Все эти основные положения просто обязан знать драматург. Значит ли это, что представитель Нового должен быть увенчан всеми лаврами победителя, а представитель Старого должен иметь все признаки неизбежного окончательного поражения? Так сказать, Клаушке — лучезарный герой, а Кречмар — воплощение зла? Наоборот! Объективный ход истории станет тем отчетливее, чем меньше он будет основываться на внешних признаках. Симпатяга Кречмар, который в конце концов терпит поражение, и несимпатичный Клаушке, который в конце концов побеждает, — такой контраст сделает более убедительными и победу и поражение. История не считается со случайностями, но между тем она от случайностей отнюдь не свободна. И там, где они возникают, создается пространство для игры. Еще Шекспир доказал, что гений драматурга решает, чем заполнить пространство: игрой трагической или комической.
То же и в истории…
Когда я рассматривал возможность создания комедии, меня опять посетила та же мечта. Я увидел Лоренца, стоящего в кулисах. Он кивал мне. Это был весьма покровительственный жест: не плохо, мой юный друг, так держать! Стул подо мной скрипнул. Я балансировал на одной его ножке, и если бы я шлепнулся на пол, Краутц взирал бы на это происшествие с той же бесстрастностью, с какой внимал моей тираде. Его лицо не выражало ни согласия, ни протеста. Я мог развлекать себя как угодно. И я широко этим пользовался, в результате чего все более и более воодушевлялся, все дальше уходил от реальности.
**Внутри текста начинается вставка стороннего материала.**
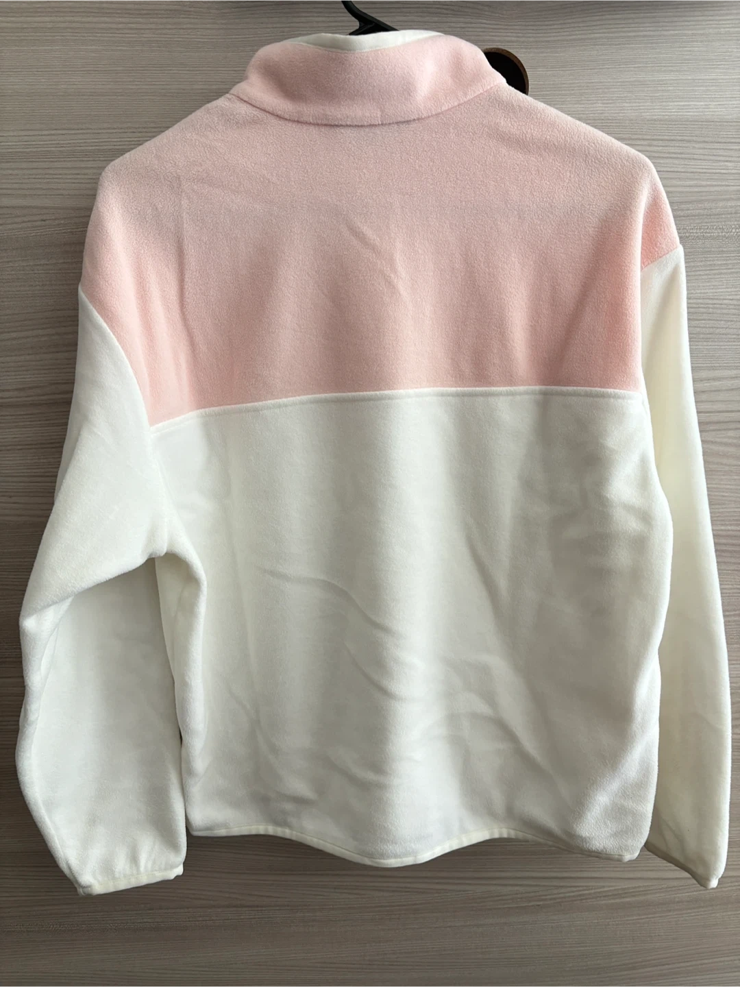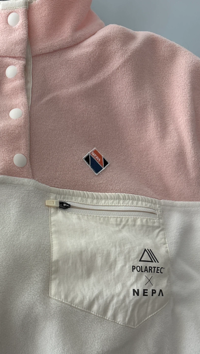 Cozy NEPA fleece pullover in a cute pink and white colour block design! Features a Polartec chest pocket with a zipper. Great for layering or wearing on its own for a comfy, casual look

Стул полетел в угол, когда Крамбах, изображающий Клаушке, разыгрывал позорное отступление под язвительный смех обреченных на поражение победителей. А в качестве Кречмара Крамбах показывал, как с помощью всяких «тпру и ну» можно ловко править четверкой запряженных цугом взмыленных вороных и все-таки свалиться в пропасть.
На этом месте Краутц закашлялся. Кашлял он долго, это был настоящий приступ, а вовсе не насмешка. И все-таки меня это привело в чувство. Откинутая голова, лающий кашель… А потом глухой стон, вырвавшийся из зажатого рукою рта. Пот на лбу, седые слипшиеся волосы. Сорванное дыхание. Наконец он схватился за бутылку, пытаясь отпить глоток. Минуту он вслушивался в себя, и так как кашель, кажется, прошел, он вновь раскурил окурок сигары. Но моего хладнокровия хватило лишь на мгновение. Я обязан был бы видеть, в каком отчаянном положении находится этот человек, нарушавший самые примитивные правила выживания с равнодушием, не оставлявшим ему ни малейшего шанса. Я же этого не видел. Просто плюхнулся на стул и, учитывая перемену настроения, начал вслух размышлять о целесообразности расположения сценических персонажей, создавшегося благодаря Клаушке, с одной стороны, и Кречмару — с другой.
И, кажется, я преуспел. Краутц напустился на меня. Он стал объяснять, причем без тени неудовольствия в голосе, что я и то и другое вижу в неправильном свете. Клаушке, например, с конца пятидесятых годов был в Каупене бургомистром.
— Рабочий в деревне, — вы должны это помнить!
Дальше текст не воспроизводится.